Metanorma toolchain currently outputs documents in these formats:

Metanorma XML

The Metanorma XML output is the intermediate format which marks up the semantic content of the standards document, and is used to drive the other formats. The Metanorma XML file is also the file which is used during the validation stage.

HTML

The HTML output is in HTML 5. It has optional Data-URI encoding of local images; if images in the output are are not Data-URI encoded, they are moved to a folder called {filename}_images, and renamed with GUID names, to prevent collisions. Audio and video files are not supported. All HTML output has a sidebar with a Javascript-generated Table of Contents, which is two section levels deep.

PDF

PDF output, for those standards gems that support it, is generated from the HTML output via Google Puppeteer (which runs in Node.js). The PDF output generation takes advantage of the print mode in the HTML CSS stylesheet, so much of the browser-like styling of the HTML is rendered as a more print-like document. Because it is generated from HTML, the PDF output does not support page numbers in its Table of Contents. Nor does it support advanced paragraph formatting, such as Keep With Next or Widow/Orphan control.

Microsoft Word

The Word output is output as legacy DOC format (used in pre-2007 version of MS Word) rather than DOCX, and it is generated using the Microsoft Office flavor of HTML 4, as a Multipart HTML Word Document (MHT, the MIME-encoded counterpart to the HTML obtained when you save a Word document as HTML).

Limitations of .doc format

Using .doc imposes some constraints:

  • SVG images are not supported. (Word internally converts them into PNG files to render them in Word HTML.)

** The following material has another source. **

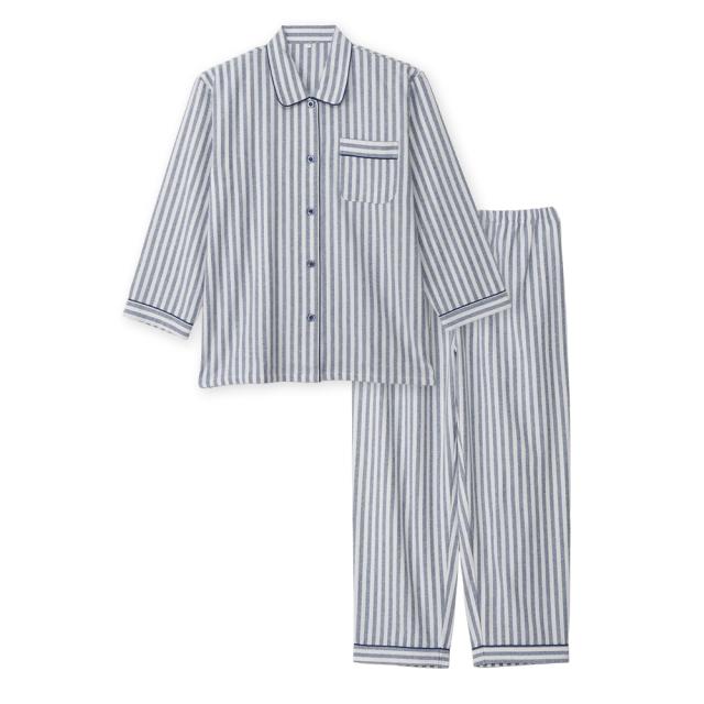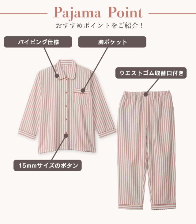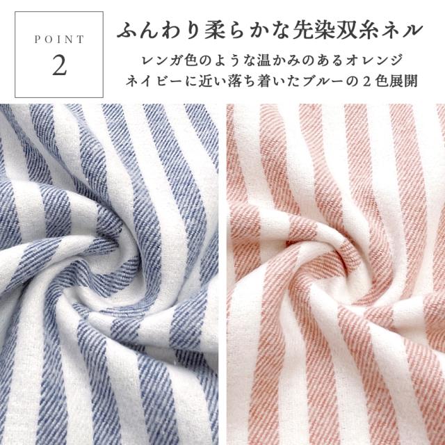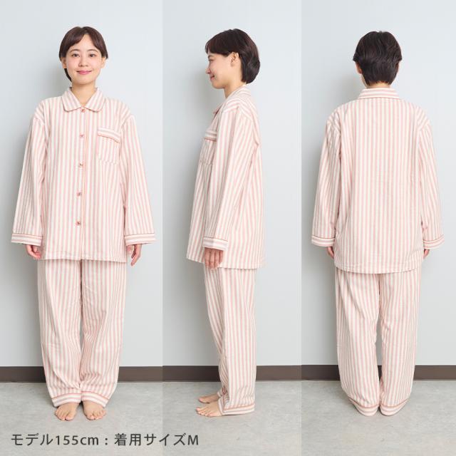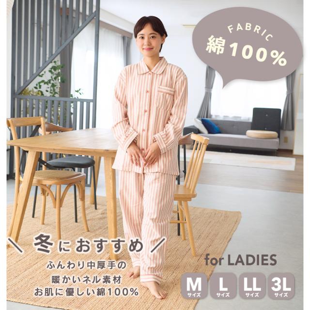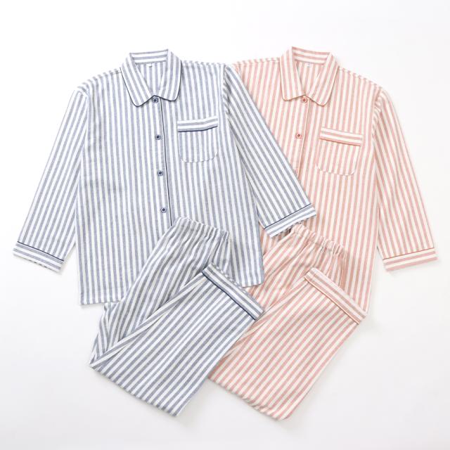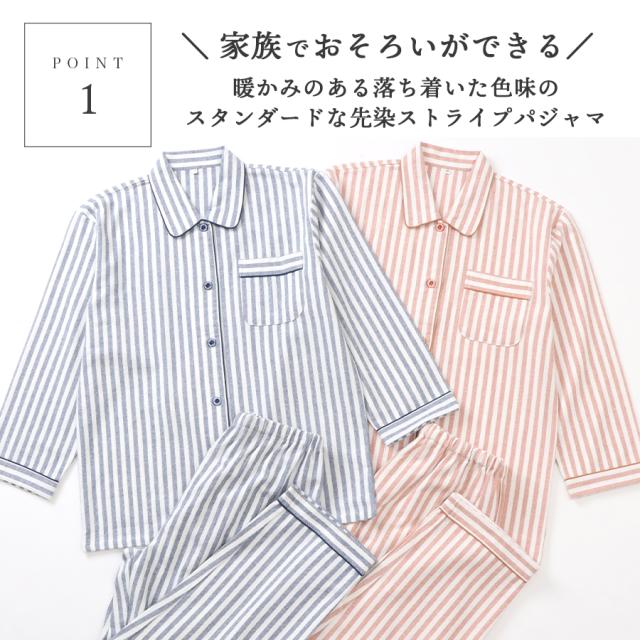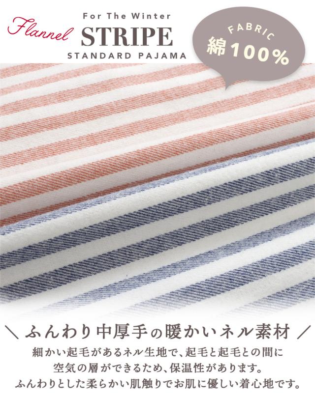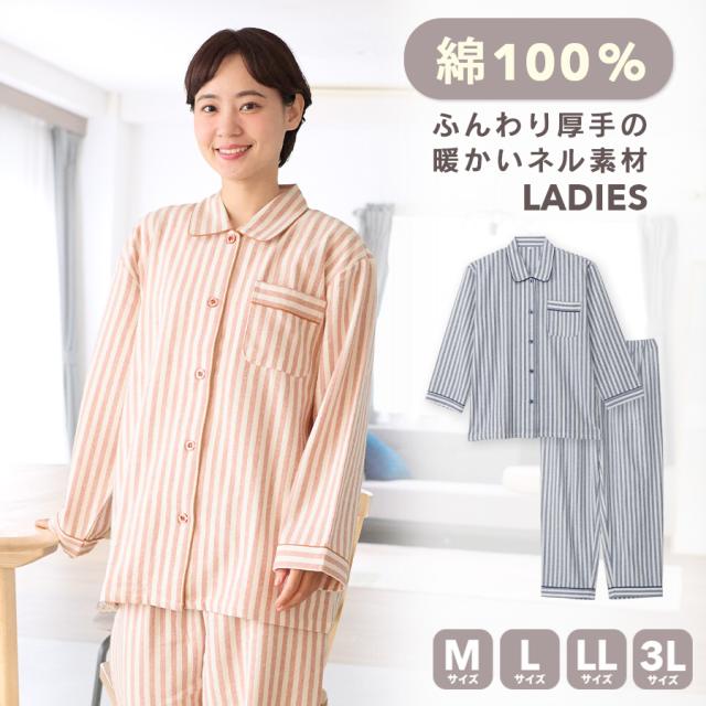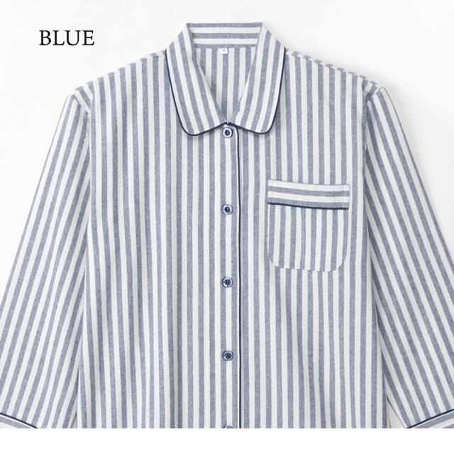 パジャマ レディース 綿100% 長袖 秋 冬 前開き ボタン 中厚手のネル起毛 先染め ストライプ柄 ブルー オレンジ M L LL 3L 親子 おそろい リンクコーデ 家族 ギフト プレゼント 敬老の日 母の日 61988

  • .doc files cannot be processed by Apple Pages or LibreOffice, only by Microsoft Word.

Tip

To open the Word output in LibreOffice in particular, you will need to convert .doc file to .docx file in a specific way:

  1. Open file with MS Word

  2. Save it once by changing filename extension to .doc (you can confirm file overwrite, when asked)

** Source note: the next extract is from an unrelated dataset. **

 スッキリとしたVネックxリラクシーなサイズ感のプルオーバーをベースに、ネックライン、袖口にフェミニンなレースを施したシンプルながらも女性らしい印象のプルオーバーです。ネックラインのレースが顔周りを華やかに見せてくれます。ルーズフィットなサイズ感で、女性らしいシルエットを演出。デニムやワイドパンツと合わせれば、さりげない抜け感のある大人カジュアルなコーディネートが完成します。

  3. "Save As" and choose .docx format this time

Why not .docx

Using DOC HTML makes it much easier to generate documents with the advanced formatting requirements of Metanorma (including complex tables, formulas, footnotes, headers and footers, nested list numbering and crossreferences) than generating either native DOCX (in OOXML), or the DOCX flavor of MHT.

Tip

For more on why Metanorma uses .doc, see https://github.com/riboseinc/html2doc/wiki/Why-not-docx%3F.